GEDÄCHTNIS: Epidemien, ihre Opfer und die Erinnerung
Dossier "Epidemien. Kulturwissenschaftliche Ansichten"
Epidemien oder gar Pandemien sind stets traumatische Ereignisse im Erinnerungshaushalt betroffener Menschen, Familien oder Gesellschaften. Spätestens wenn sich ein Ende der Krise abzuzeichnen beginnt, stellt sich die Frage nach Formen künftiger Erinnerung an das dann vergangene Geschehen. Mehrere Länder haben bereits Akzente gesetzt: In Washington D.C. wurden am Vorabend der Inauguration von Präsident Biden 400 Laternen am Reflecting Pool vor dem Lincoln Monument entzündet – eine für je 1.000 US-amerikanische Pandemieopfer.
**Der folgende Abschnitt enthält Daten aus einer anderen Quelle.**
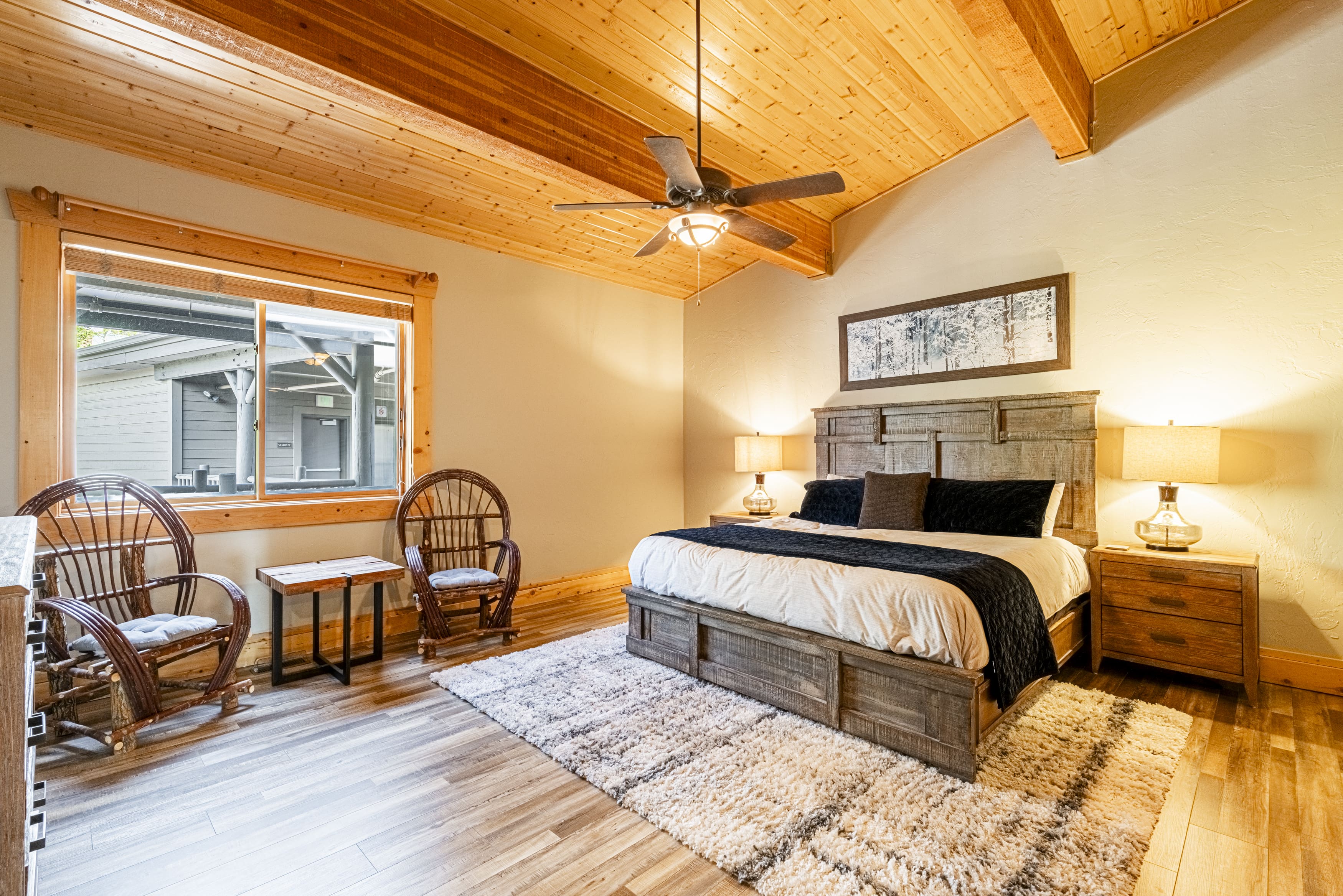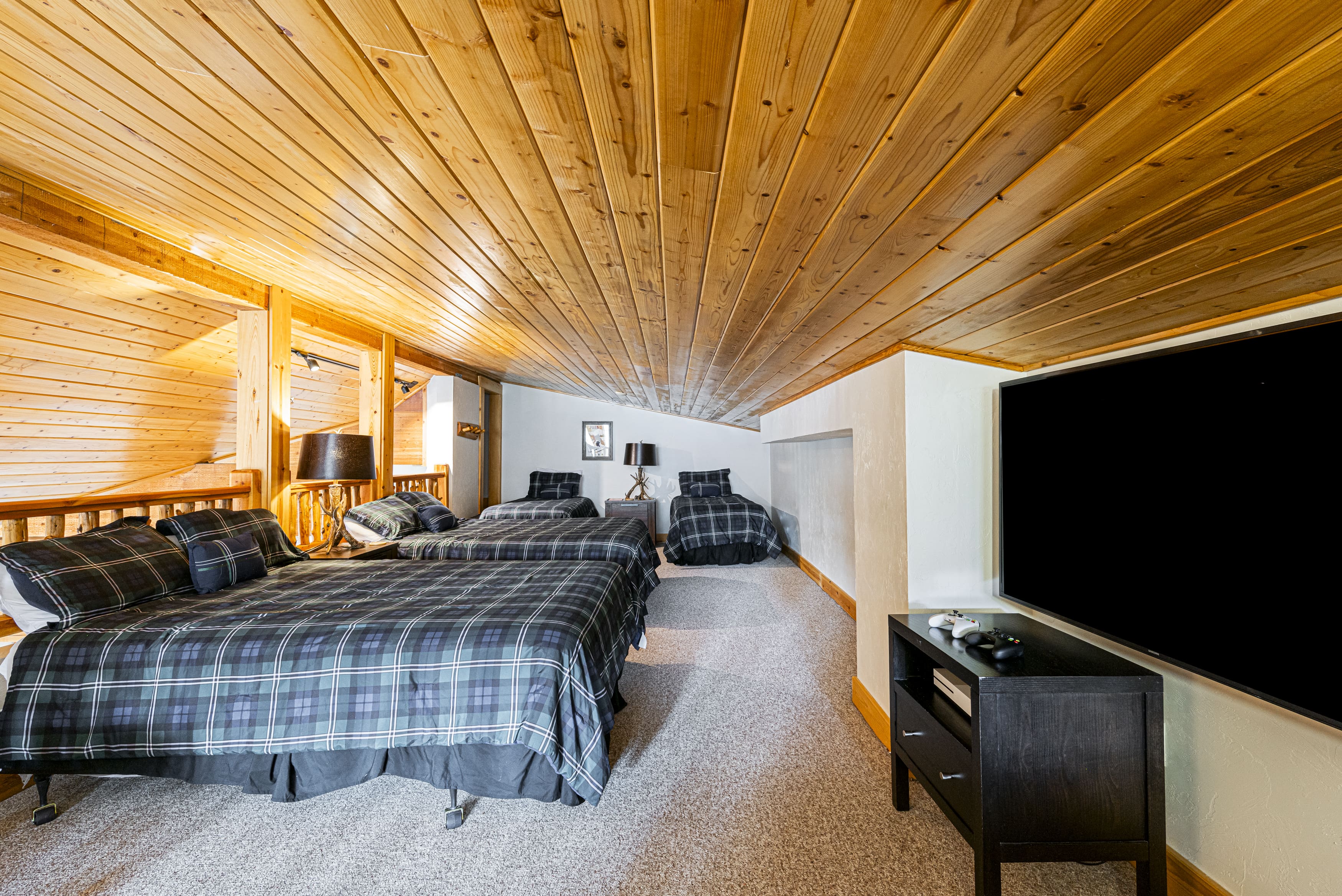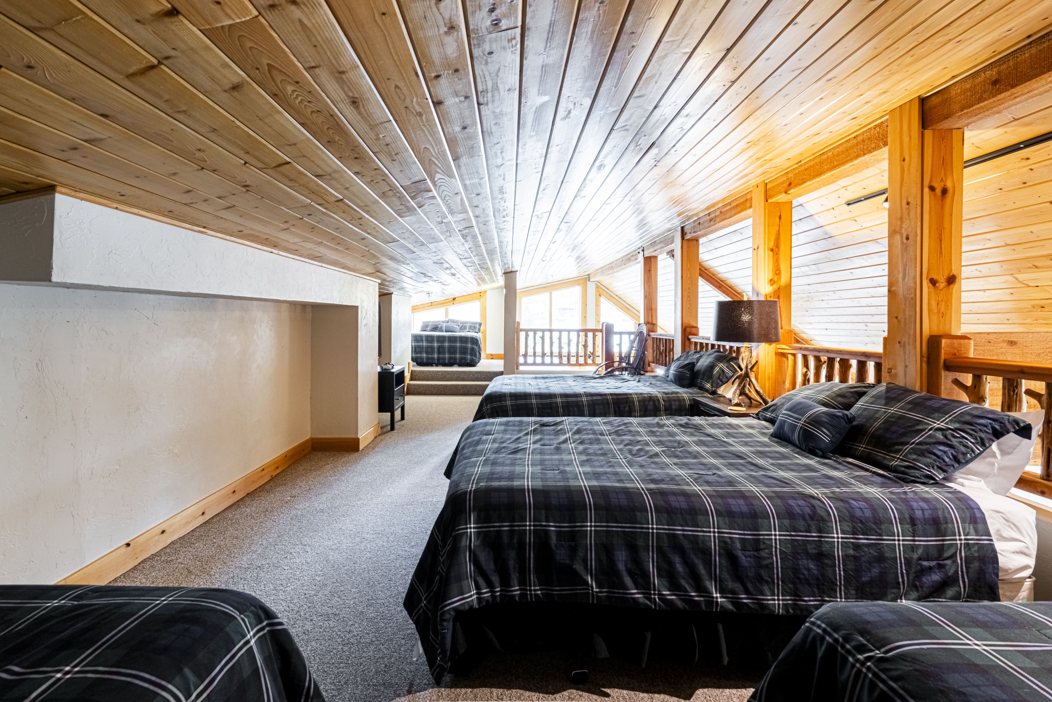 This remarkable penthouse is cleverly divided into two spacious units, each offering its own living area, fully-equipped kitchen, and three beautifully appointed bedrooms. The interior is a harmonious blend of modern design and cozy mountain charm, ensuring a warm and inviting atmosphere. Each unit boasts a private hot tub, offering a perfect spot to unwind after a day of exploring the nearby trails or ski slopes. With a total of six bedrooms and five bathrooms, this penthouse accommodates up to 22 guests, making it ideal for large families or group gatherings.

In Italien wurde gar ein jährlicher Gedenktag eingeführt und dafür der 18. März bestimmt – jener Tag, an dem in Bergamo eine Kolonne von 70 Militärtransportern die Särge von hunderten Toten aus der Stadt brachten, weil das dortige Krematorium überlastet war. Diese und andere Beispiele – etwa das Lichterherz auf dem Münsteraner Domplatz am bundesweiten Corona-Gedenktag am 18. April 2021 – werfen die Frage auf, wie Gesellschaften, gesellschaftliche Gruppen, Institutionen oder auch Individuen mit dem Gedenken an Epidemien und ihre Opfer umgegangen sind und umgehen.